— Тогда я помчала. — Подруга споласкивает чашку и убирает ее на сушилку. — Может, вечером, все же выберешься из берлоги и мы сходим куда-нибудь? — предлагает она с надеждой в голосе и взгляде.
— Может… — неуверенно пожимаю плечами, ероша пятерней свои и без того смахивающие на воронье гнездо, волосы.
Не могу дать ей четкий ответ. Мой разум блуждает в прострации, и все ранее предпринятые подругой попытки вернуть меня к нормальной жизни заканчивались крахом. Я лишь глубже заползаю в свою норку и тону в слезах жалости к себе и своему разбитому вдребезги сердцу.
— Не кисни, солнц. — Лёля обнимает меня сзади, кладя подбородок на плечо. — Все будет хорошо.
— Угу, — мычу я в ответ, вновь расстроено всхлипывая, хотя и слез уже нет, но горечь комком встает в горле, мешая дышать, говорить, даже мыслить нормально.
— Может, мне не ехать, а? — словно чувствуя, что я опять уплываю в болото тоски, меняет она свое решение. Давай устроим себе релакс: шопинг, салон красоты, а вечером — в клуб?

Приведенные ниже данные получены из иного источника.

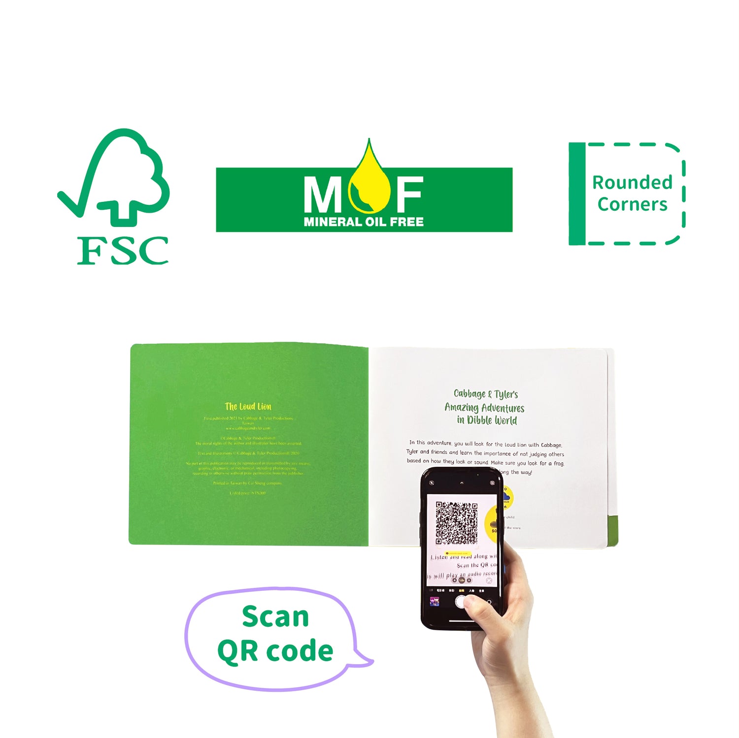我們的故事書相當適合孩子們使用,採用了 MOF 油墨確保安全、圓角和防水頁面。每本書均採用 FSC 認證紙張製成,體現我們對孩子們的安全性和環境保護的承諾。讓您的小寶貝們沉浸在無憂的閱讀冒險中!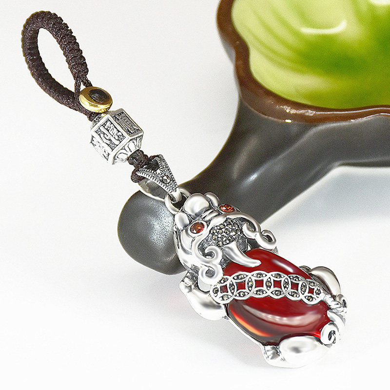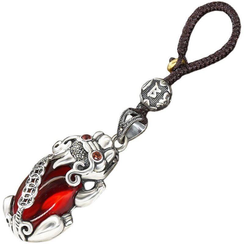 Sterling silver Pixiu keychain pendant men's and women's personality high-end car ornaments retro creative gifts for wealth and safety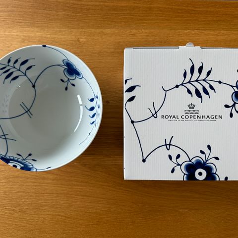 Royal Copenhagen porcelænssæt skåle kande fade og vase hvid med blå dekoration

Лёля с энтузиазмом строит планы на день, а мне не хочется даже шевелиться. Но, бросив беглый взгляд на свое унылое отражение в металлической дверце холодильника, понимаю, что дальше может быть только хуже. А жизнь, пусть даже в черно-белых тонах, все-таки продолжается, и мне надо хотя бы как-то приспосабливаться к существованию в новой действительности, в реальности без НЕГО.
Я старательно пытаюсь изничтожить все воспоминания о нем, но они, как чернильное пятно, въелись в кожу, и никакими средствами их невозможно удалить. Он больше не звонит, а я боюсь написать ему даже простое сообщение. Я вообще боюсь подходить к телефону, он лежит где-то на дне моего рюкзака, спрятанного в шкафу в прихожей, словно та самая игла Кощея.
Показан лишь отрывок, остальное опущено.